She looks up at him, frowning. “Don’t be stupid. Everyone owns a black shirt.” She tosses a pile of clothes at his feet. “Help me look. My train leaves in forty minutes.”
He steps over the clothes and sits at the end of her bed. “You’re going to miss it.”
“I’m not.” She pulls a white blouse from a twisted wire hanger and holds it up to her chest, the hem brushing the waistband of her straight black skirt. “What about this?”
“Absolutely not. You’ll look like a waitress.”
“As long as I look like someone who isn’t naked, I really don’t care.” She drops the shirt to the floor and collapses beside him on the bed, her head falling back against the duvet. He gives her knee an absent-minded pat, and she sighs. “I didn’t think I’d see you today,” she says.
“I forgot. I was going to try to drag you to lunch at Claridge’s.”
Jim’s a very good liar; if she hadn’t spent most of her life listening to him lie to everyone they’ve ever met, she’d probably never notice when he did it to her. She nudges his leg with a nylon-covered foot. “You can still come, you know. If you want to.”
“I don’t,” he says. “Why do you?”
She sits up beside him, her arms wrapped around her bare stomach, her shoulders rolled forward. “I don’t know. One of us should be there.”
“Why? To keep up appearances? To seem normal?”
“Maybe, yeah.” She shrugs, annoyed. “People might remember us. They might notice if we’re not there.”
“All her friends are dead, Molly. Dead or mindless, drooling meat bags long past their use by date. Don’t pretend this is about security.”

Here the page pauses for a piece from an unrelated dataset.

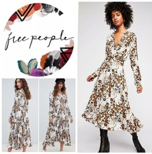 Free People Tough Love Floral Shirt Long Sleeve Midi Length Wrap Dress Size 2

“I’m not pretending anything. I’m just trying to get dressed.” She stands, reaching for the nearest pile of clothes. “I have a purple shirt. Purple is sort of like black, isn’t it?”
“Molly,” he says, and she stops. Folds her arms across her chest and shivers a little, the chill in the room touching her bare skin for the first time.
Gran had slipped into senility in the last years of her life, become a mindless, drooling meat bag in a hospital built to look like a home. Molly never visited her there; she isn’t her granddaughter anymore. All records of her old life have been destroyed with the Moriartys’ usual ruthless precision, and if in a rare moment of lucidity Gran had asked for her grandchildren, had called for Jim or for Molly, a kind nurse with calloused hands would have pressed her shoulder and said no dear, you remember - your Lizzie never had little ones. You know that.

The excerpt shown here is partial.